Growth in GDP over the Long Term
The Administration projects that, following a slight pickup of growth from 2007 to 2008, real GDP will increase at a slowly diminishing rate from 2008 through 2012. Indeed, real GDP is projected to decelerate from a 3.1 percent rate of growth during the four quarters of 2008 to 2.9 percent by 2012. The average growth rate during this interval is roughly in line with the consensus of private forecasters for those years. After 2007, the year-by-year pace is close to the estimated growth rate of potential real GDP, a measure of the rate of growth of productive capacity. The unemployment rate is projected to edge up in 2007 (from its 4.5 percent level in the fourth quarter of 2006) and to plateau at 4.8 percent in 2008. As discussed below, potential GDP growth is expected to slow in the near term as productivity growth reverts toward its long-run trend (about 2.6 percent per year), and to slow further during the 2007-to- 2011 period as labor force growth declines due to the retirement of the baby-boom generation.

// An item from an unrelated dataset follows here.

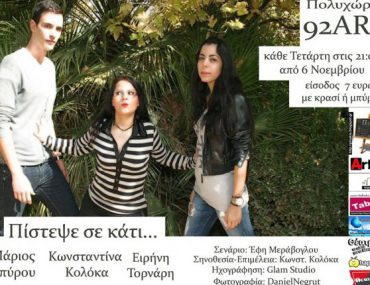 Το happytv.gr διοργανώνει διαγωνισμό και σας δίνει τη δυνατότητα να κερδίσετε μία διπλή πρόσκληση για την παράσταση «Πίστεψε σε κάτι…» στον πολυχώρο 92ART, για την Τετάρτη 13 Νοεμβρίου 2013 στις 9μμ.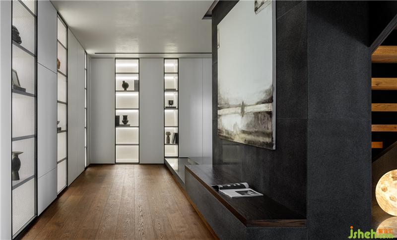 以層疊關(guān)系將樓梯銜接而下,并有效利用臺(tái)面的高度差,設(shè)置座位形式,兩側(cè)立面格架與柜體將實(shí)用與美感合二為一,藏秀并舉,這方樞紐也可作為樓下層的活動(dòng)區(qū)域。

The growth rate of the economy over the long run is determined by its supply-side components, which include population, labor force participation, the ratio of nonfarm business employment to household employment, the length of the workweek, and labor productivity.

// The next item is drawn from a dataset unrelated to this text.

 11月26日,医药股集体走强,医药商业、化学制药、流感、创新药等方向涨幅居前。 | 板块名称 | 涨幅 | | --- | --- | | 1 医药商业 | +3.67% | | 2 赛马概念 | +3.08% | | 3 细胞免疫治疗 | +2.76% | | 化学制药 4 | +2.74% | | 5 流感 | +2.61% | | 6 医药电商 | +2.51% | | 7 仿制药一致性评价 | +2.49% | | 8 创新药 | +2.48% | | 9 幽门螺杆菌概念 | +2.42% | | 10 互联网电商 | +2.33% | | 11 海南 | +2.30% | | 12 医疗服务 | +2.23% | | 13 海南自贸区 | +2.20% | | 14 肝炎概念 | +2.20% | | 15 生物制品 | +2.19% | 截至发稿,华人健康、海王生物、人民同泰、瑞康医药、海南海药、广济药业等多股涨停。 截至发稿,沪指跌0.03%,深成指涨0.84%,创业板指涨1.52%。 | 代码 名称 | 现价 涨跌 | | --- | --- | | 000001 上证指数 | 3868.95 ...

As can be seen in the fourth column of the table, the mix of supply-side factors determining real GDP growth has been unusual since the businesscycle peak at the beginning of 2001. The high rate of productivity growth has been partially offset by the decline in the participation rate and the workweek. Also notable is the large and puzzling decline in the ratio of nonfarm business employment to household employment. This unusual decline reflects the slow growth of employment as measured by the payroll survey (which asks employers to report the number of jobs) relative to the more rapid growth of employment as measured by the household survey (which estimates the number of employed persons through a sample of households). This disparity has been reduced somewhat by the just-issued benchmark revision to payroll employment, but has yet to be satisfactorily explained.
The participation rate fell, on net, from 2001 to 2006 (although it ticked up in 2006), and is projected to trend lower through 2012. The recent behavior stands in contrast to the long period of increase from 1960 through 1996. Looking ahead, the participation rate is projected to decline, reflecting the aging of the baby-boom cohorts, leading to more retirements and a likely increase in the share of people on disability pensions.